Les engagements en faveur d’une meilleure connectivité aérienne en Afrique prennent une nouvelle dimension. Réunis à Lomé à l’occasion de la première Convention et Exposition africaines du transport aérien, les ministres en charge du secteur et la Commission africaine de l’aviation civile (AFCAC) ont adopté la Déclaration ministérielle de Lomé.
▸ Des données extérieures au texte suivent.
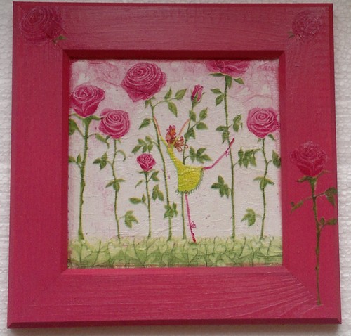 Obrázek je namalovaný akrylovými barvami a ozdobený technikou decoupage ubrouskem.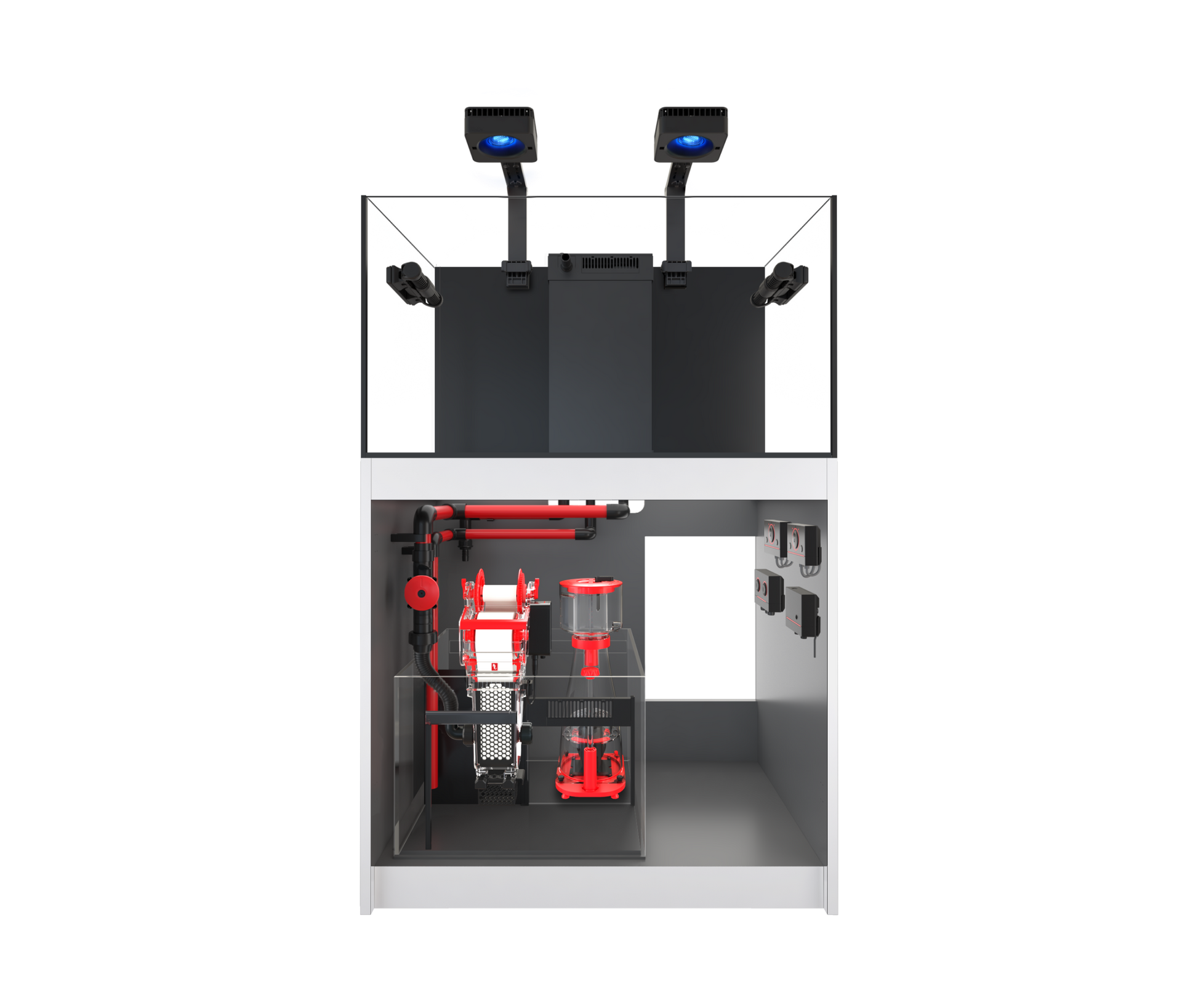 Équipé d’origine avec l’éclairage ReefLED, l’écumeur REEFER Skimmer, et le ReefATO+ pour une gestion automatique du niveau d’eau.

Ce document traduit une volonté commune d’accélérer l’application du Marché unique du transport aérien africain (MUTAA/SAATM) afin de faciliter les déplacements entre les pays du continent.
Au cœur des discussions figure l’ambition de rendre le transport aérien africain plus accessible et plus fluide. Les signataires réaffirment leur attachement à la Décision de Yamoussoukro (DY), considérée comme le cadre de référence pour la libéralisation du ciel africain. L’objectif est de permettre aux compagnies aériennes de desservir plus facilement les différentes destinations africaines, tout en favorisant une concurrence susceptible d’améliorer l’offre de transport.
Les États participants se sont ainsi accordés sur plusieurs orientations. Il est notamment prévu de lever progressivement les obstacles qui limitent encore l’accès au marché aérien, d’harmoniser les accords bilatéraux de services aériens avec les principes du MUTAA et de simplifier les procédures liées à l’exploitation des liaisons entre les pays. Les engagements portent également sur une utilisation plus efficace des droits de trafic et sur davantage de transparence dans la désignation et l’autorisation des compagnies aériennes.
Présent à la rencontre, le ministre des Transports, du Désenclavement et des Pistes rurales, Komlan Loukou-Kadjé, a souligné que la mise en œuvre du MUTAA demeure au centre des priorités. Selon lui, l’ouverture du ciel africain doit permettre aux transporteurs d’opérer plus librement d’un État à l’autre, avec pour perspective une amélioration de la mobilité des personnes et une réduction des coûts du transport aérien. Il a également indiqué qu’une feuille de route a été adoptée afin d’assurer le suivi des engagements pris et d’évaluer régulièrement les progrès réalisés.
Par ailleurs, les ministres ont convenu de renforcer le mécanisme de concertation autour du projet. Des réunions périodiques sont annoncées afin d’examiner l’évolution des réformes engagées et de maintenir la dynamique créée à Lomé.
En accueillant cette rencontre continentale, le Togo confirme son rôle dans les réflexions consacrées à l’avenir du transport aérien africain. La Déclaration de Lomé vient ainsi consolider les efforts déployés pour renforcer les échanges entre les pays africains et favoriser une connectivité plus adaptée aux ambitions économiques du continent.